» **Extracted data**
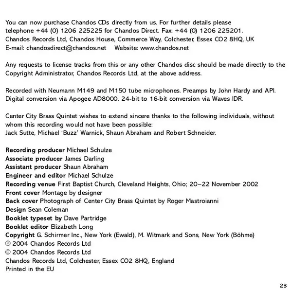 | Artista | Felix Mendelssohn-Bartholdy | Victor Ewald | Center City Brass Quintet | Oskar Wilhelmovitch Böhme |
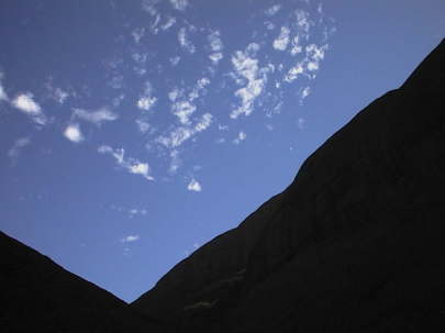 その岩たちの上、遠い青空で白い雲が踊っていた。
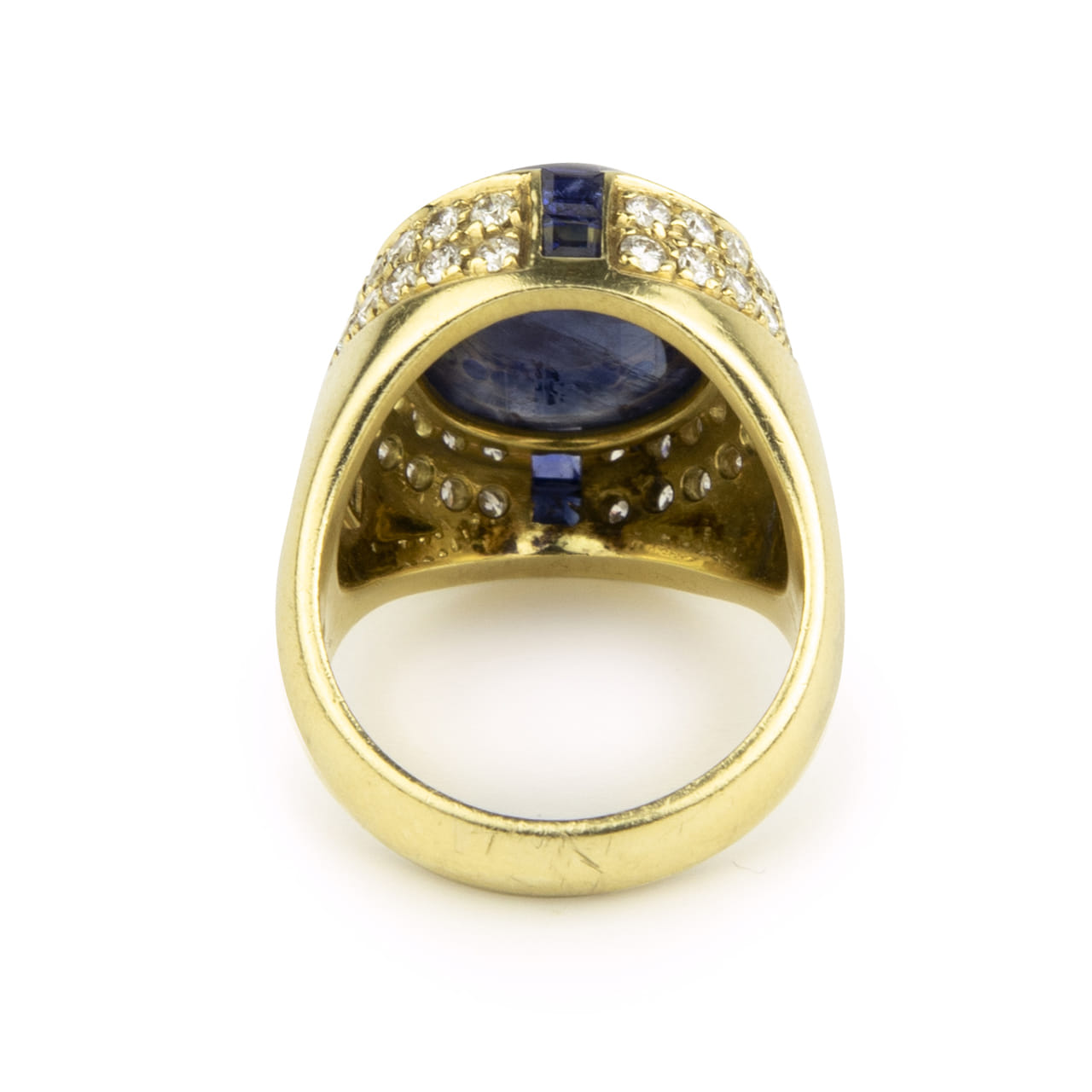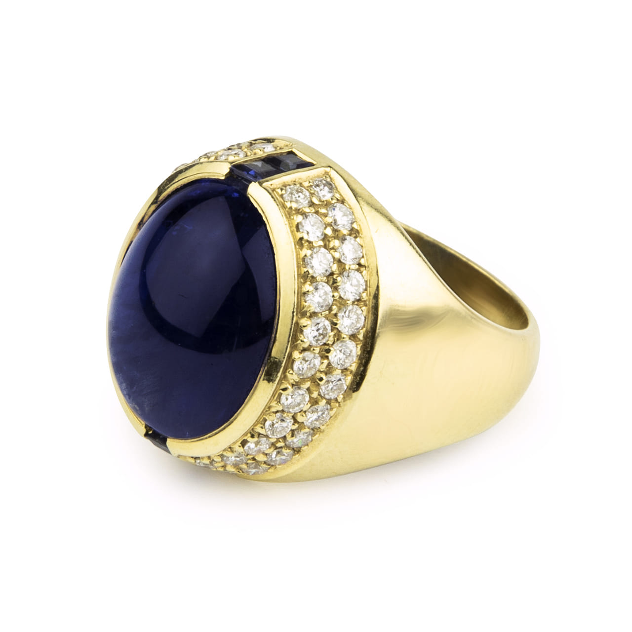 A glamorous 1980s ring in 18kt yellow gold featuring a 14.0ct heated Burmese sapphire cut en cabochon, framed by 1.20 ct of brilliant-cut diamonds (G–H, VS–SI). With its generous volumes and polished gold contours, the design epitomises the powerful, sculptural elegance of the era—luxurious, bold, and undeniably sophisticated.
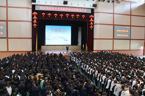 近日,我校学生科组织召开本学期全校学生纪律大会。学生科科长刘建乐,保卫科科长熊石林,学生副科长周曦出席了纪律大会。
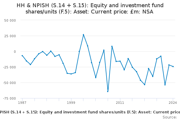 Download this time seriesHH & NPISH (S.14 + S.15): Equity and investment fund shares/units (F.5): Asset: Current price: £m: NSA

» **Problem**
Print, exactly and only, the lines running from the line with "近日,我校学生科组织召开本学" through the last line of the data, including both. Skip any picture.

» **Task output**
 近日,我校学生科组织召开本学期全校学生纪律大会。学生科科长刘建乐,保卫科科长熊石林,学生副科长周曦出席了纪律大会。
 Download this time seriesHH & NPISH (S.14 + S.15): Equity and investment fund shares/units (F.5): Asset: Current price: £m: NSA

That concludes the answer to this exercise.